[WHAT YOU ARE ASKED TO DO] Find, in the records below, the line that contains "Rolul Central al" and the line that contains "Turn heads this". Copy those two lines and everything between them exactly, but not the pictures.
== GIVEN INFORMATION ==
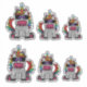 Um unicórnio arco-íris, fofo e fofo! Esta folha inclui um design de adesivo em vários tamanhos. Disponível em muitos outros produtos, como skates, notebooks, t-shirts e convites de aniversário.
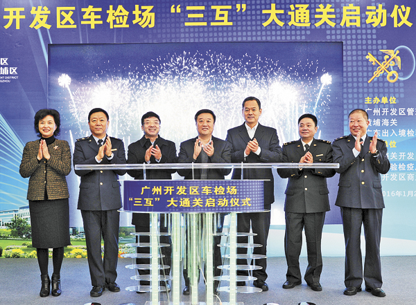 保税区海关关长陈平介绍:“广州开发区车检场具有四个特点,一是全国海关内率先使用总署金关(二期)智能卡口系统,二是在广州市陆运口岸中第一家同步落实陆运三互大通关模式,三是实行智能化验放,四是叠加了出口加工区和公路转关等监管业务。这四个特点形成组合拳,将使企业通关更为便捷。”
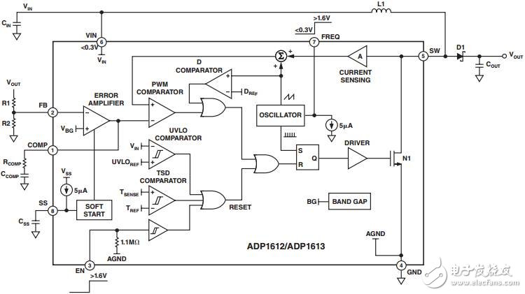 開(kāi)關(guān)穩(wěn)壓器需要通過(guò)某種方式改變其輸出電壓以響應(yīng)輸入和輸出電壓變化。一種方法是使用PWM控制相關(guān)電源開(kāi)關(guān)的輸入,從而控制其開(kāi)關(guān)時(shí)間(占空比)。工作時(shí),穩(wěn)壓器的濾波輸出電壓會(huì)反饋到PWM控制器來(lái)控制占空比。若濾波輸出發(fā)生變化,則施加到PWM控制器上的反饋會(huì)改變占空比以維持恒定的輸出電壓。
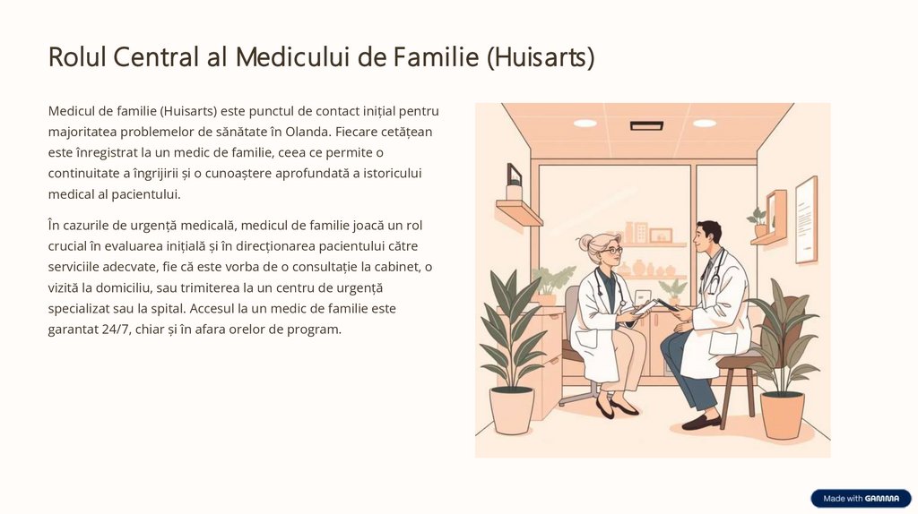 Rolul Central al Medicului de Familie (Huisarts)Medicul de familie (Huisarts) este punctul de contact inițial pentru
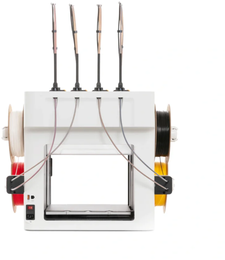 Entegre, otomatik filament yönetim sistemi dört makaraya kadar tutar. Filamentler otomatik olarak yüklenir, resmi Snapmaker filamentleri RFID aracılığıyla tanınır ve yedekleme modunda, makara boşaldığında yazıcı filamentleri otomatik olarak değiştirir – manuel müdahaleye gerek kalmadan kesintisiz baskı için!
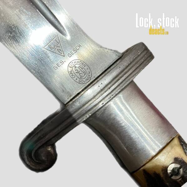The RAD Man’s Dagger is one of the most visually striking of the Third Reich dress daggers, with its bold blade etching and emblematic hilt. Pieces marked Ges. Gesch. Solingen are especially appealing to collectors, as they represent Solingen’s renowned craftsmanship. Complete and original examples such as this remain in demand among militaria collectors and museums focused on edged weapons and the social history of the period.
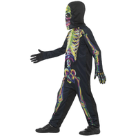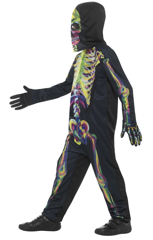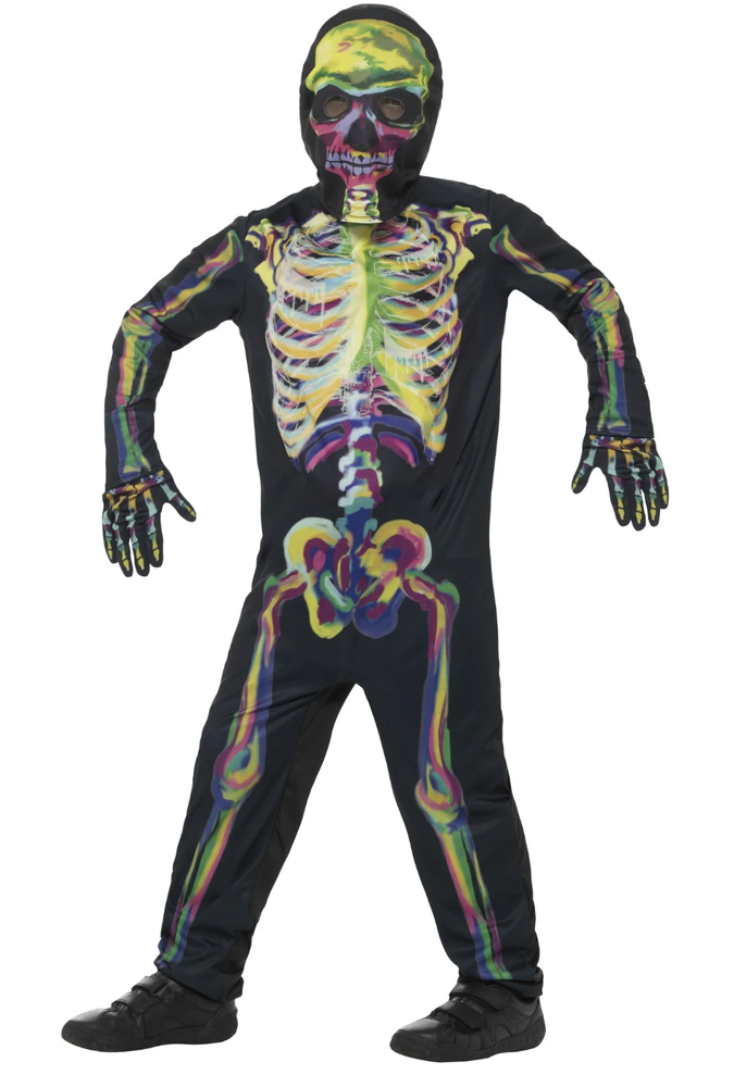 Turn heads this Halloween with a neon twist on a classic: a multi‑coloured glow‑in‑the‑dark skeleton jumpsuit that pops under blacklight and in low light. The one‑piece, hooded suit wraps the wearer in vivid ribs, pelvis and limb prints so they'll be seen from across the party. Pickup in Perth available.
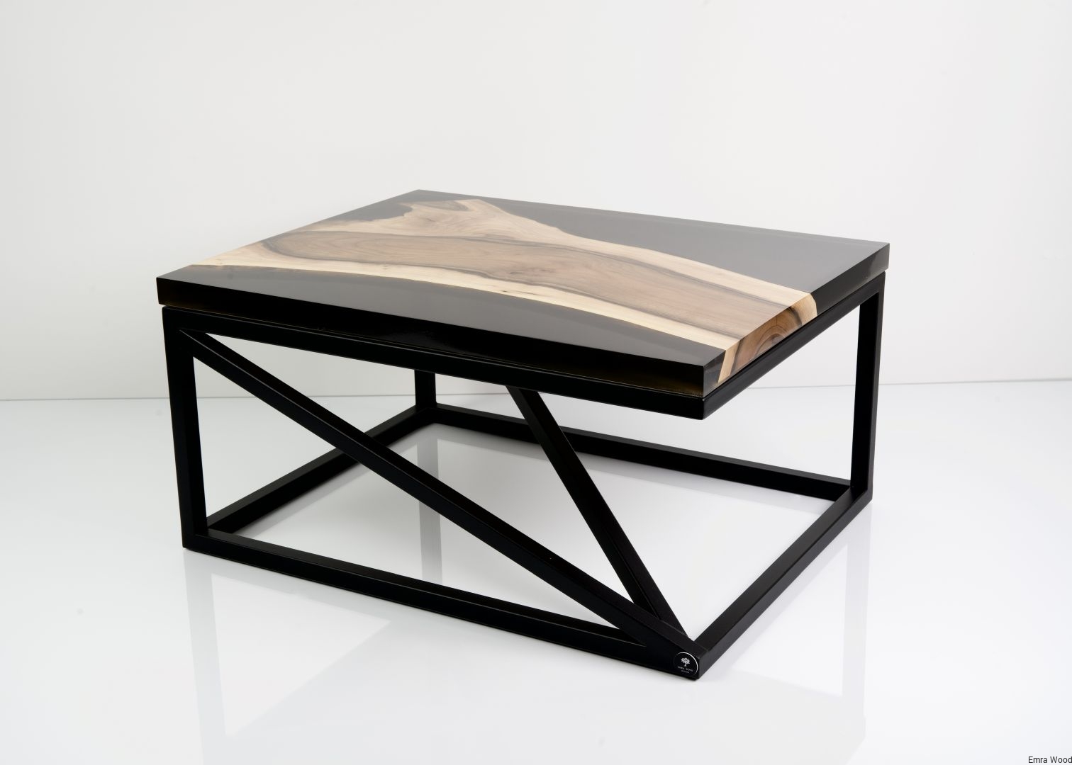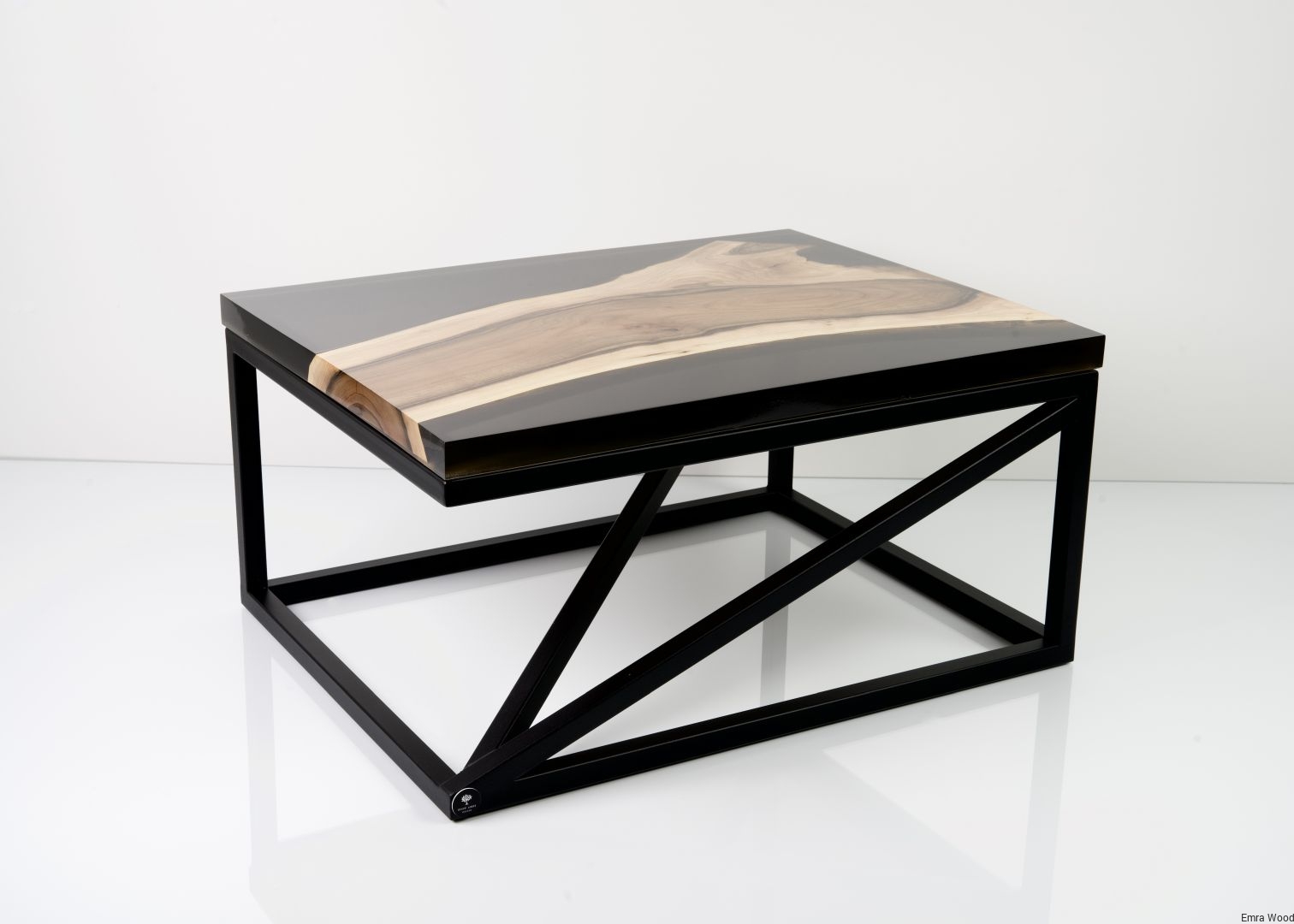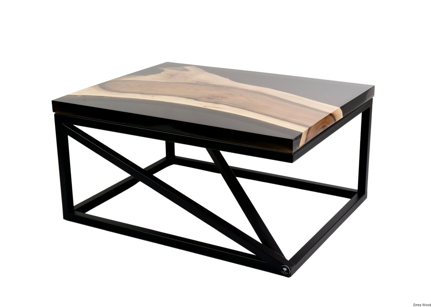 STOLIK KAWOWY / Stelaż Stal Czarna Malowana Proszkowo / Blat Lite Drewno DĄB z Żywicą model STK-145
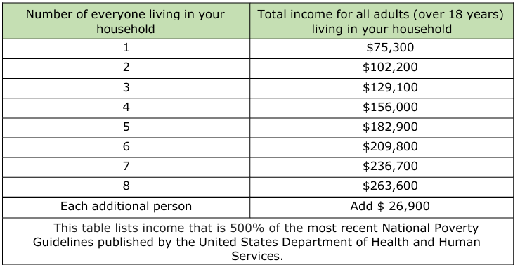 Is your household income (everyone who lives in the home) less than 500% of the
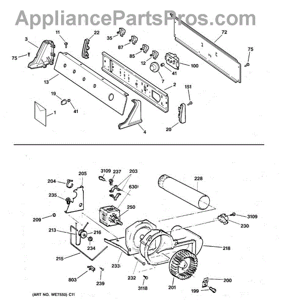 The Blower Wheel is an OEM replacement part for GE dryers. It has a role in the air circulation within the dryer, aiding in the even and efficient drying of clothes. The blower wheel, connected to the motor, helps in expelling the moist air out of the dryer through the exhaust vent during the drying cycle. Causes of a malfunctioning blower wheel are typically wear and tear from regular use, the accumulation of lint or debris, or damage to the wheel’s fins or central hub, which can impact its rotation and air circulation capability. Symptoms of a bad Blower Wheel include:
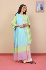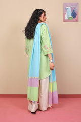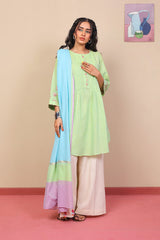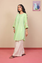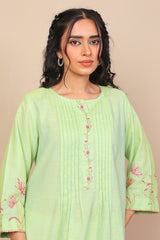 Embroidered tunic with stitched pleat details, paired with yarn dyed dupatta.
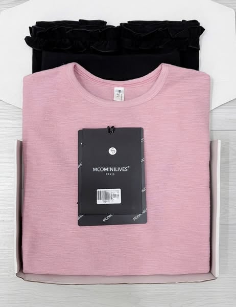 TQ4621 - SET ÁO THUN HỒNG + CHÂN VÁY ĐEN VIỀN BÈO (KHÔNG KÈM KHĂN)
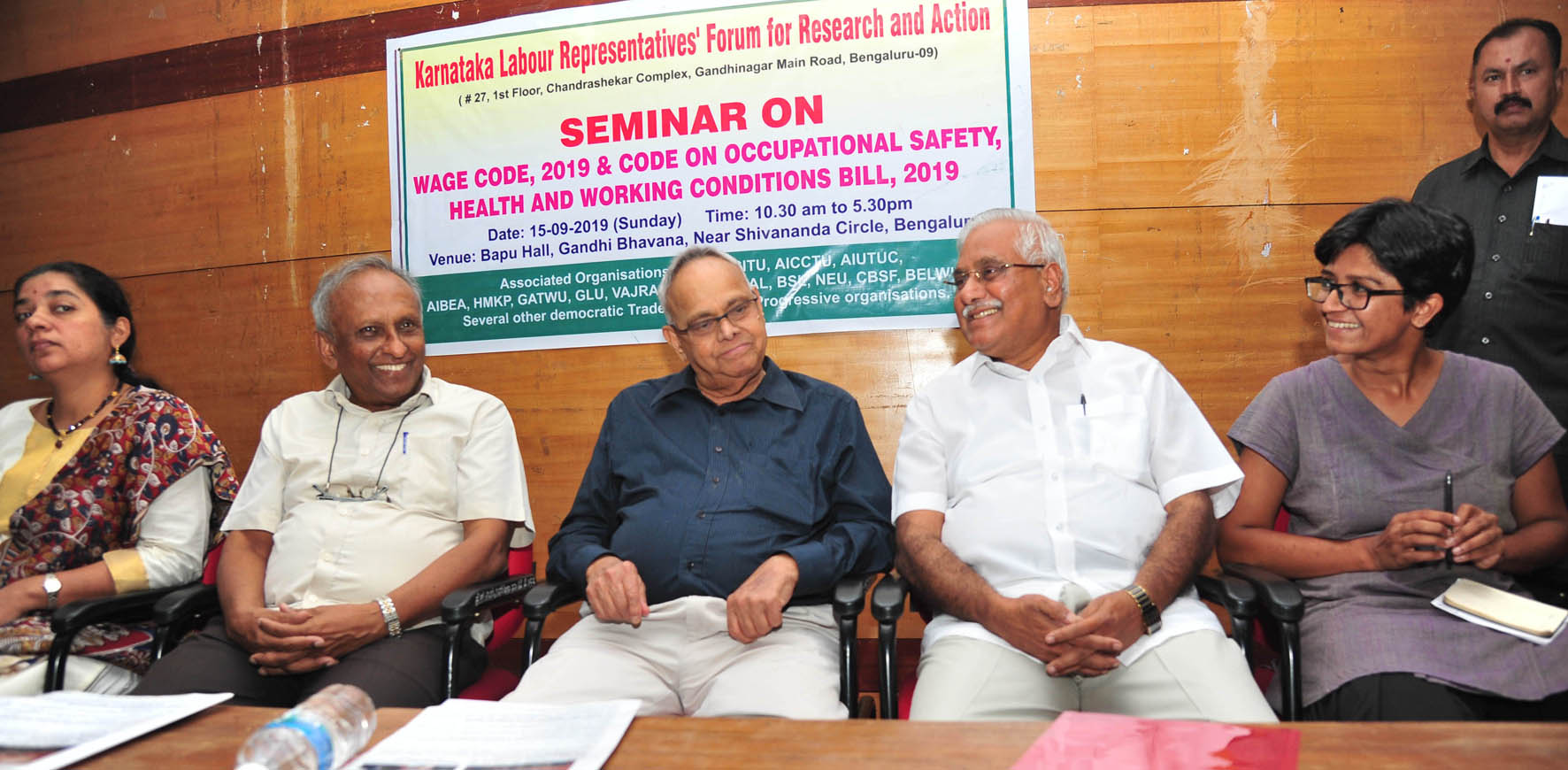 ರವಿವಾರ ನಗರದ ಗಾಂಧಿ ಭವನದಲ್ಲಿ ಕರ್ನಾಟಕ ಲೇಬರ್ ರೆಪ್ರೆಸಂಟೇಟಿವ್ಸ್ ಫೋರಂ ರಿಸರ್ಚ್ ಅಂಡ್ ಆಕ್ಷನ್ನಿಂದ ಆಯೋಜಿಸಿದ್ದ ‘ಕೇಂದ್ರ ಸರಕಾರದ ನೂತನ ಕಾರ್ಮಿಕ ಕಾಯ್ದೆ -2019’ರ ಕುರಿತ ವಿಚಾರ ಸಂಕಿರಣದಲ್ಲಿ ಭಾಗವಹಿಸಿ ಅವರು ಮಾತನಾಡಿದರು.
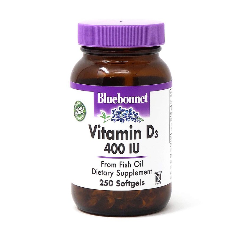 Bluebonnet Nutrition Vitamin D3 400 IU Softgels, Aids in Muscle and Skeletal Growth, Cholecalciferol from Fish Oil, Non GMO, Gluten Free, Soy Free, Dairy Free, 250 Softgels
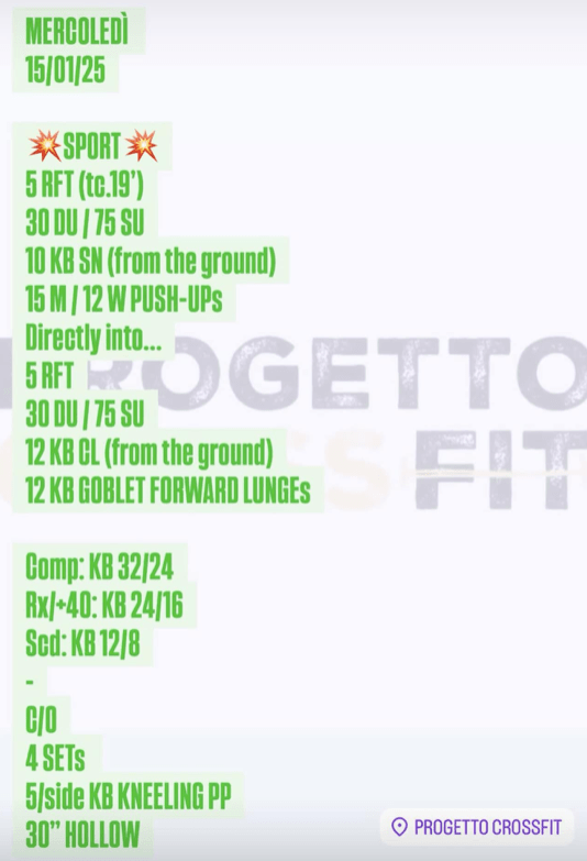 Pubblicato daprogettocrossfit15 gennaio 202512 febbraio 2025Pubblicato in: Wod Condividi: Fai clic per condividere su X (Si apre in una nuova finestra) X Fai clic per condividere su Facebook (Si apre in una nuova finestra) Facebook Mi piace Caricamento... Correlati
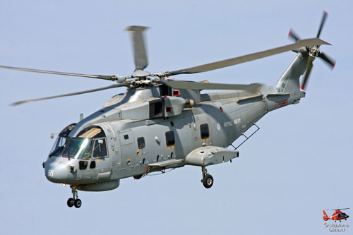L'hélicoptère de transport EH101 Merlin HM1 de la Marine anglaise. C'est principalement un hélicoptère de lutte anti-sous-marins, mais il peut aussi intervenir sur des missions de recherche et sauvetage, de lutte contre le piratage en mer, de lutte contre les narco-traficants. Depuis leur mise en service en 1997, les Merlin ont été engagés dans de nombreuses opérations, dont l'Afghanistan
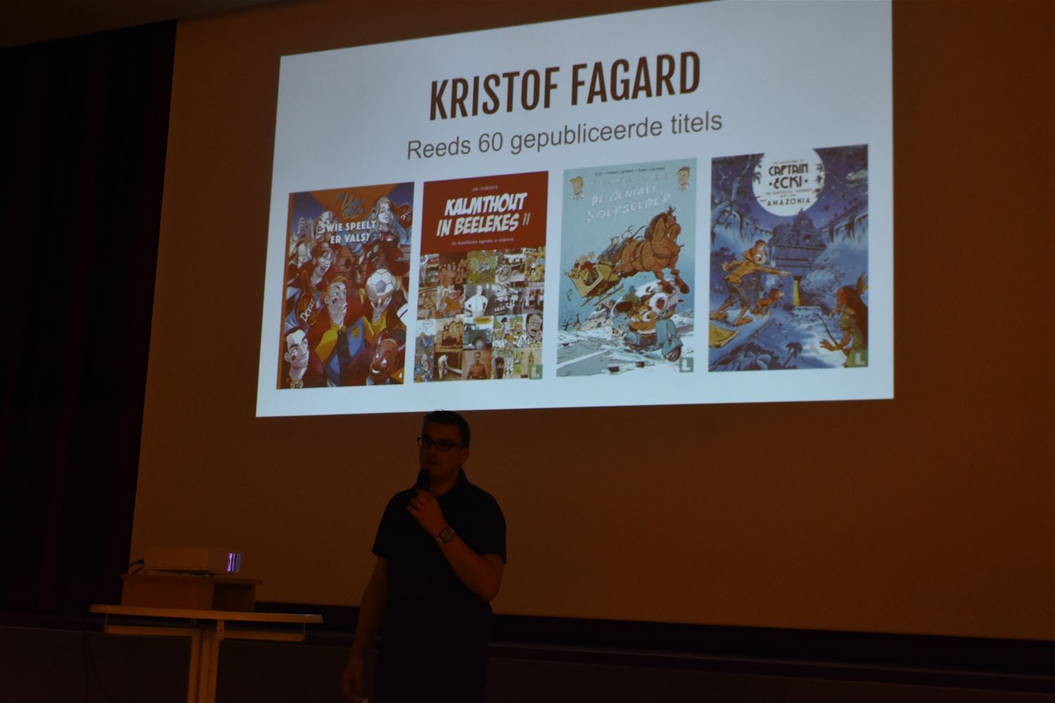 Striptekenaar Kristof Fagard - alias Fagard, bekend van de reeks Kiekeboe - was vandaag te gast bij KWB-Overdag. Hij heeft al 60 titels op zijn naam staan. Hij vertelde hoe een verhaal wordt opgebouwd: eerst de voorstelling van de hoofdfiguren, daarna de risico’s en de gevaren die op de loer liggen, de crisismomenten en dan wordt het verhaal naar een climax gestuwd, om te eindigen met een afronding. Fagard ontrafelde heel het productieproces. Ons land is trouwens nog altijd toonaangevend in de stripwereld. (foto's Ludo Deleux)76782
===
[RESPONSE BELOW]
 Rolul Central al Medicului de Familie (Huisarts)Medicul de familie (Huisarts) este punctul de contact inițial pentru
 Entegre, otomatik filament yönetim sistemi dört makaraya kadar tutar. Filamentler otomatik olarak yüklenir, resmi Snapmaker filamentleri RFID aracılığıyla tanınır ve yedekleme modunda, makara boşaldığında yazıcı filamentleri otomatik olarak değiştirir – manuel müdahaleye gerek kalmadan kesintisiz baskı için!
The RAD Man’s Dagger is one of the most visually striking of the Third Reich dress daggers, with its bold blade etching and emblematic hilt. Pieces marked Ges. Gesch. Solingen are especially appealing to collectors, as they represent Solingen’s renowned craftsmanship. Complete and original examples such as this remain in demand among militaria collectors and museums focused on edged weapons and the social history of the period.
 Turn heads this Halloween with a neon twist on a classic: a multi‑coloured glow‑in‑the‑dark skeleton jumpsuit that pops under blacklight and in low light. The one‑piece, hooded suit wraps the wearer in vivid ribs, pelvis and limb prints so they'll be seen from across the party. Pickup in Perth available.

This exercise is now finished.